---------- DATASET EXCERPTS ----------

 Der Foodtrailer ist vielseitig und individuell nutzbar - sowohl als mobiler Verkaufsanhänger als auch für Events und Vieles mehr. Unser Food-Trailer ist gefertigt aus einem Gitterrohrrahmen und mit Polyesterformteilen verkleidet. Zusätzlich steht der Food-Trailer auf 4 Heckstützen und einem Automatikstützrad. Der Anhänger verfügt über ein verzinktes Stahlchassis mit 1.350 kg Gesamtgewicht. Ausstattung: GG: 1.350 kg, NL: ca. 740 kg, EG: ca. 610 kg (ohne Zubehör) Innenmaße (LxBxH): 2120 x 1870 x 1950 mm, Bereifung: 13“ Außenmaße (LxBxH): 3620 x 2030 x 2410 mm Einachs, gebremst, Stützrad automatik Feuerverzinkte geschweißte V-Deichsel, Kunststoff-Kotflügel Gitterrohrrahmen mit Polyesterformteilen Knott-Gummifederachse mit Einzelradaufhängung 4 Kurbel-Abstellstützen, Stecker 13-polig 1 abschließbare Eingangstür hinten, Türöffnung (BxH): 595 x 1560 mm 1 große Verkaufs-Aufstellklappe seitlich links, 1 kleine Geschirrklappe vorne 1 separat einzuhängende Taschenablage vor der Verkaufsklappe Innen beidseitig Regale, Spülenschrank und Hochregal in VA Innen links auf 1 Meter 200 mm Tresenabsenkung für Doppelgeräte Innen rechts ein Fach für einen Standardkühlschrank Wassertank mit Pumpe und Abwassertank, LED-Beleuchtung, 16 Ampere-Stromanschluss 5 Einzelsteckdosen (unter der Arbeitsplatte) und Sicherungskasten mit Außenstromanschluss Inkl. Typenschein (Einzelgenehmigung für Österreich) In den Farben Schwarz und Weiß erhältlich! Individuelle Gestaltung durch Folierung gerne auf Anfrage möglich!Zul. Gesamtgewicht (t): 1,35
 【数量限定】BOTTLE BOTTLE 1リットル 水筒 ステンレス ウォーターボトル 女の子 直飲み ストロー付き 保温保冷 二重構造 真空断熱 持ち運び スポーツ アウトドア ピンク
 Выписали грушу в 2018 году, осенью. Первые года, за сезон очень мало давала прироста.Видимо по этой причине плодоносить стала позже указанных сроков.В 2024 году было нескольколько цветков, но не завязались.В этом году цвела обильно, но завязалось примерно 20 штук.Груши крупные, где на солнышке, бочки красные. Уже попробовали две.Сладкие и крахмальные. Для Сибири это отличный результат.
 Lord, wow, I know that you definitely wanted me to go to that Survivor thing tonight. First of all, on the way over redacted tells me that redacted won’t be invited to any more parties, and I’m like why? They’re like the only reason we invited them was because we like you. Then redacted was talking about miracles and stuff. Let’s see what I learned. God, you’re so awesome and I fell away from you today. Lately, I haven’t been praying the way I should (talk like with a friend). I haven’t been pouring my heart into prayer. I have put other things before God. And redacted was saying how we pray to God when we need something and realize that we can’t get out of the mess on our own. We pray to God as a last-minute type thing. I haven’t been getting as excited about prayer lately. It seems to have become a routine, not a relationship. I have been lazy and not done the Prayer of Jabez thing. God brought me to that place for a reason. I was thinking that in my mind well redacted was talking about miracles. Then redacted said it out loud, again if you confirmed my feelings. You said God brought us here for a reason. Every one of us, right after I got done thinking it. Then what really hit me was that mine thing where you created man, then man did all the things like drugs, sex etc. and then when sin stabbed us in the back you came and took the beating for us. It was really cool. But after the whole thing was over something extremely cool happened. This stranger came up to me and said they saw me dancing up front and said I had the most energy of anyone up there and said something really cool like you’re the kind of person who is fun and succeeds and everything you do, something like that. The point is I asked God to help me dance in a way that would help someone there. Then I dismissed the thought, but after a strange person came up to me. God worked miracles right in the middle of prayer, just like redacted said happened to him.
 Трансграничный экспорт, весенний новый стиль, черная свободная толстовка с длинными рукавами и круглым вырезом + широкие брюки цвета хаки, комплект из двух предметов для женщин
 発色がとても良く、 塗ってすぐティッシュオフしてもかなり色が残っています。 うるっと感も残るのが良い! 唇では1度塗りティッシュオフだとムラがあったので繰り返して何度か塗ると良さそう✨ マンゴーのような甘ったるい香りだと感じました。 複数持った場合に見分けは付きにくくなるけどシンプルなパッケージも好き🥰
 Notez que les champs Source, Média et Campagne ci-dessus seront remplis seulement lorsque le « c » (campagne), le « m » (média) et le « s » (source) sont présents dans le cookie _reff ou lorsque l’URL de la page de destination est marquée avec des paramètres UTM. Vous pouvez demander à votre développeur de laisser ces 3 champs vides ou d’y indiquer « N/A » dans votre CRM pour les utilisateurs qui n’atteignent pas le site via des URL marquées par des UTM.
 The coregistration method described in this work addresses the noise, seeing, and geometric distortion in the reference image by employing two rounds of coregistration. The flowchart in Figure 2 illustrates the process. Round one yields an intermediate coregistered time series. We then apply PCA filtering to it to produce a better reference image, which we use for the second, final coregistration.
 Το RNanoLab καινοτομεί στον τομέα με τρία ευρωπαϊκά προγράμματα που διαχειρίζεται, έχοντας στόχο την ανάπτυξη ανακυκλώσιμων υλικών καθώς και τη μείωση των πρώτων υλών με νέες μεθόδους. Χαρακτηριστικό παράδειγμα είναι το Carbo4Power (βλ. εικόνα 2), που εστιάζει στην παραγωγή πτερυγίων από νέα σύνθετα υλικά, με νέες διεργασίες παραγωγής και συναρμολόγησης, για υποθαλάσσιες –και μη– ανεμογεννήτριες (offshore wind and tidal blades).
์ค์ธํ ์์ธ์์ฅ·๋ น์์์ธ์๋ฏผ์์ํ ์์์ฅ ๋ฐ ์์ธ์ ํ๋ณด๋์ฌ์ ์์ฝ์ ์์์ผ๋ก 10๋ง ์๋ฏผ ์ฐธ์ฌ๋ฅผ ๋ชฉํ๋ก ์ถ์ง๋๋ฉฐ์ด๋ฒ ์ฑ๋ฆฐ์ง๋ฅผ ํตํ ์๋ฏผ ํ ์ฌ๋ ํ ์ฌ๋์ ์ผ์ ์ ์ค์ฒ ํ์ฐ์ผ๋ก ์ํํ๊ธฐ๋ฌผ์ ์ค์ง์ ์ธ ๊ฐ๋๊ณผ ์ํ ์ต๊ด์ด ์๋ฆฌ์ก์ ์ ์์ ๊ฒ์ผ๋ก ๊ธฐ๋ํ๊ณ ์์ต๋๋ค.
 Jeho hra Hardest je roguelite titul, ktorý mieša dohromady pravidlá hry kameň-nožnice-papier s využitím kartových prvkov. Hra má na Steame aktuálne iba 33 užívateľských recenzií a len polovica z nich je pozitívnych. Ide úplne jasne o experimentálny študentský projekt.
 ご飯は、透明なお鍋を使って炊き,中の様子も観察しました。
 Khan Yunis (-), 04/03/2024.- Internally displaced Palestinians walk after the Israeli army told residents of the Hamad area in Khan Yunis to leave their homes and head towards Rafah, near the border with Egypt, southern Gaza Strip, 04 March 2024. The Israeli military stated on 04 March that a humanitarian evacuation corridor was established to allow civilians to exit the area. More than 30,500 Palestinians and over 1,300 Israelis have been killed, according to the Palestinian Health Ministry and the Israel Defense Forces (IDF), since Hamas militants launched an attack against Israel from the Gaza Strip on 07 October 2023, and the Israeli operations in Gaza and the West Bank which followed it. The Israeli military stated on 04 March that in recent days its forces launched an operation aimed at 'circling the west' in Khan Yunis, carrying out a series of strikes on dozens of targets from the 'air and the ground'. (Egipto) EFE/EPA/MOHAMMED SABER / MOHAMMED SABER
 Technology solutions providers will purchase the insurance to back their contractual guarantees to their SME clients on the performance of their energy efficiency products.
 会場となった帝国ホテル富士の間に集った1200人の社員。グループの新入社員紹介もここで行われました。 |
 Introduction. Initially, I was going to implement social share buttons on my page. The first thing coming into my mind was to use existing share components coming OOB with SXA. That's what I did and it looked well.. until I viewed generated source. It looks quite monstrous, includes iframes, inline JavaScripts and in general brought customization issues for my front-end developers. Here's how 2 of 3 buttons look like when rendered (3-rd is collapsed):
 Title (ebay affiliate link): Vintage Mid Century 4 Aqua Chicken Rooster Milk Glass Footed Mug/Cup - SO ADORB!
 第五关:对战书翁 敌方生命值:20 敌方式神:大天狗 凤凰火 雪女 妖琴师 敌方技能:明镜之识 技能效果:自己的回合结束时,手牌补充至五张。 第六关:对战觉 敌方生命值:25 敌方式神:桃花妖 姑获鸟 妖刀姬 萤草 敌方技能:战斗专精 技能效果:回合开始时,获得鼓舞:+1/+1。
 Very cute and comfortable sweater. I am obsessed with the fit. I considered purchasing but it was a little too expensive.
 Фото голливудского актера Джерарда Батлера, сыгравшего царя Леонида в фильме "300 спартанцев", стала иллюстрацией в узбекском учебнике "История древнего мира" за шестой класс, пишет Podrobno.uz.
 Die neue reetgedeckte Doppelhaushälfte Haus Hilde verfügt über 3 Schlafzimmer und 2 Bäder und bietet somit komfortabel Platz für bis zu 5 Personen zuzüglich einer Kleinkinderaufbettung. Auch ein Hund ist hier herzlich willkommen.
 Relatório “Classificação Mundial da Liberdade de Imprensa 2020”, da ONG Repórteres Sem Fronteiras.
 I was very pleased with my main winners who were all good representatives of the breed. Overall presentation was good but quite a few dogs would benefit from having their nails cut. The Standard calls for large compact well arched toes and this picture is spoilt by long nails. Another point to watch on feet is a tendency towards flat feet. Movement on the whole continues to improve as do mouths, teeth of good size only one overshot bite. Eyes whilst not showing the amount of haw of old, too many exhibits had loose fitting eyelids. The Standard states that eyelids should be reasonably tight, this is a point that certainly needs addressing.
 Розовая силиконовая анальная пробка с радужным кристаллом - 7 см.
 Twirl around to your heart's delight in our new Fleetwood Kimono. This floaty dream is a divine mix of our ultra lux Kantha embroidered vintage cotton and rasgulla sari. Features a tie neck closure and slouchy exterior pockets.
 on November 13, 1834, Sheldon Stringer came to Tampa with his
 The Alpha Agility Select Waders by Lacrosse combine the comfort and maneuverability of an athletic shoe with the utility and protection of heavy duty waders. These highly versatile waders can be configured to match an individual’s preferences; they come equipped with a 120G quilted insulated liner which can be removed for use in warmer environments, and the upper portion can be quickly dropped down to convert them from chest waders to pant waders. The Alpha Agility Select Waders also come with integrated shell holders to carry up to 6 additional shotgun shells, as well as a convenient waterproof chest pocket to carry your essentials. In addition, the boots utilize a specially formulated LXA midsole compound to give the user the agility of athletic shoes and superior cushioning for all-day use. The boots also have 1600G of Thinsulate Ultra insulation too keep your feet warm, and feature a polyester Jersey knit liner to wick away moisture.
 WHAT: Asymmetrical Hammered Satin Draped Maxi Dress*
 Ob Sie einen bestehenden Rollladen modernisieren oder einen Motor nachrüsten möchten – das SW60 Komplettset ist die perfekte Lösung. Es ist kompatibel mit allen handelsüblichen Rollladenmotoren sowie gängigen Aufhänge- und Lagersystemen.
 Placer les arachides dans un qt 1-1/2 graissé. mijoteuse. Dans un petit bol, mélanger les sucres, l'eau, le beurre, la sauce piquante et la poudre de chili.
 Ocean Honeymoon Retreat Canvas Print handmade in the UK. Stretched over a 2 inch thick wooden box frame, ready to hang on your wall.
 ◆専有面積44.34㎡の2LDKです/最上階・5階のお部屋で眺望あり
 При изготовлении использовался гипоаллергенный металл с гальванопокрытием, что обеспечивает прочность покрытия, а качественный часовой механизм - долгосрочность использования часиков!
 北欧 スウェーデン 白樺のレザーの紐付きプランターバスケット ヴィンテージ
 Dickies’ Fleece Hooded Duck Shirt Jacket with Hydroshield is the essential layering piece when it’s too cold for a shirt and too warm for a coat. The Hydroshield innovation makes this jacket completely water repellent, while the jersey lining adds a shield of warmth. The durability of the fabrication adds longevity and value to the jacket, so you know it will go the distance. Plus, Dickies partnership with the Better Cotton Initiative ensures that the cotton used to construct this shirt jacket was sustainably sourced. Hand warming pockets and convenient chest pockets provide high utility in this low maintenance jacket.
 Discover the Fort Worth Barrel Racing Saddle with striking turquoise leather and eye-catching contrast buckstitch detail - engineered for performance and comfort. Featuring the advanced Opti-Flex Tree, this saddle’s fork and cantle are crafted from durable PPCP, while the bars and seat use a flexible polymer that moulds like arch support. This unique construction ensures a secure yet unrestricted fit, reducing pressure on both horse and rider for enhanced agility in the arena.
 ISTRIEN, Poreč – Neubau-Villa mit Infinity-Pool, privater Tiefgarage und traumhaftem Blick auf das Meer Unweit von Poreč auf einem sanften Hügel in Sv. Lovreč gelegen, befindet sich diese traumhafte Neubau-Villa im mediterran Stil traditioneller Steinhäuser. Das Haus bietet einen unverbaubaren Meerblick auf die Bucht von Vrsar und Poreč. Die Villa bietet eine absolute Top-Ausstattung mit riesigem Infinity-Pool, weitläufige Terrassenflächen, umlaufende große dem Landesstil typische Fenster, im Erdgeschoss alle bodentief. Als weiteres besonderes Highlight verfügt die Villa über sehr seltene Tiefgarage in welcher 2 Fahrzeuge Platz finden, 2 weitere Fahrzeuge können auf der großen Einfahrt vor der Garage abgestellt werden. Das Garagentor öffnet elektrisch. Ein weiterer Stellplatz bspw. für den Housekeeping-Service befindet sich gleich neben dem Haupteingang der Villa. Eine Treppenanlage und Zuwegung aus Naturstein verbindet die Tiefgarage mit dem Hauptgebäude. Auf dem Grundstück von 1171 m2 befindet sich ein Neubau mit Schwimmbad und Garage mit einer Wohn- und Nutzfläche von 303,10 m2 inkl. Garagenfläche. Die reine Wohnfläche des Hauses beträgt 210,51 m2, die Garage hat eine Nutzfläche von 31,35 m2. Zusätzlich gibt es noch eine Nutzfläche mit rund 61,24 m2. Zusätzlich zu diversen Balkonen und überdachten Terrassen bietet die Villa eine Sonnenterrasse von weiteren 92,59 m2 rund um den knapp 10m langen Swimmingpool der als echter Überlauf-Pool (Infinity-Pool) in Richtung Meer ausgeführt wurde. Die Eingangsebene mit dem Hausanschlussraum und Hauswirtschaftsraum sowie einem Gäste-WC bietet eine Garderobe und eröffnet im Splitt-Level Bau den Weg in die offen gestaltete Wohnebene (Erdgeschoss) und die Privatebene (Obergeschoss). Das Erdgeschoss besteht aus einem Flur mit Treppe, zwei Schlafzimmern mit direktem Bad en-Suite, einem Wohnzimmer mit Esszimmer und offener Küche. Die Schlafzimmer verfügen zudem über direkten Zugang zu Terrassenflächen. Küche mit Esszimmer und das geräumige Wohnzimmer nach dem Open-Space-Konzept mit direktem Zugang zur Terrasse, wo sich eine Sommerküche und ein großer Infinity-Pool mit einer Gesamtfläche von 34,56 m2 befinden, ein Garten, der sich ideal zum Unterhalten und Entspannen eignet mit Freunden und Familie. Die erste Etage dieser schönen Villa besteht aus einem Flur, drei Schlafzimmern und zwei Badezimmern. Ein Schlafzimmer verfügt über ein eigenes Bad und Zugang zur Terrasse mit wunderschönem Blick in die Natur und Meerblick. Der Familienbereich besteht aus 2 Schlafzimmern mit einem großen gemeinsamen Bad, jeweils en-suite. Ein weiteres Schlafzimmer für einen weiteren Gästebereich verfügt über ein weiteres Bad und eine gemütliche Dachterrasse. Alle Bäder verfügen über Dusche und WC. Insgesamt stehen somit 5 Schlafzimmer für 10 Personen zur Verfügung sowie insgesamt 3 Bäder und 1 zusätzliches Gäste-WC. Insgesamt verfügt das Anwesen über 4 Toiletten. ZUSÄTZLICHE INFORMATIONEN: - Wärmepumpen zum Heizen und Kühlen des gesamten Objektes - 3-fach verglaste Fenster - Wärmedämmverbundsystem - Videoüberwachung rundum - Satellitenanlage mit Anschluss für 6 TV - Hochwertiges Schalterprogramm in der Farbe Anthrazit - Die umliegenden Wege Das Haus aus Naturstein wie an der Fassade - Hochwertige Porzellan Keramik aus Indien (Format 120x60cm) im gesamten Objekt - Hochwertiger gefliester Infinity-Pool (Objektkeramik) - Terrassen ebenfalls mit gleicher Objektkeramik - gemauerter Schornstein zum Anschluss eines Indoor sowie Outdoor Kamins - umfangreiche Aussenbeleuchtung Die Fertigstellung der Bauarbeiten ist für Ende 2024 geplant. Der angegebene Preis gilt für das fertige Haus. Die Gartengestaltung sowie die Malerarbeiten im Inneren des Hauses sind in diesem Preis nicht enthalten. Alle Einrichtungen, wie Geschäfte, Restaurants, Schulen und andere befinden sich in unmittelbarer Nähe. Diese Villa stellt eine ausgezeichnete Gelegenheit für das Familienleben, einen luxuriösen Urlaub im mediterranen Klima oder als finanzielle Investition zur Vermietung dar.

----------

# EXERCISE REQUIREMENTS
Count each line above with "performance"; write only the number.

# TASK SOLUTION
2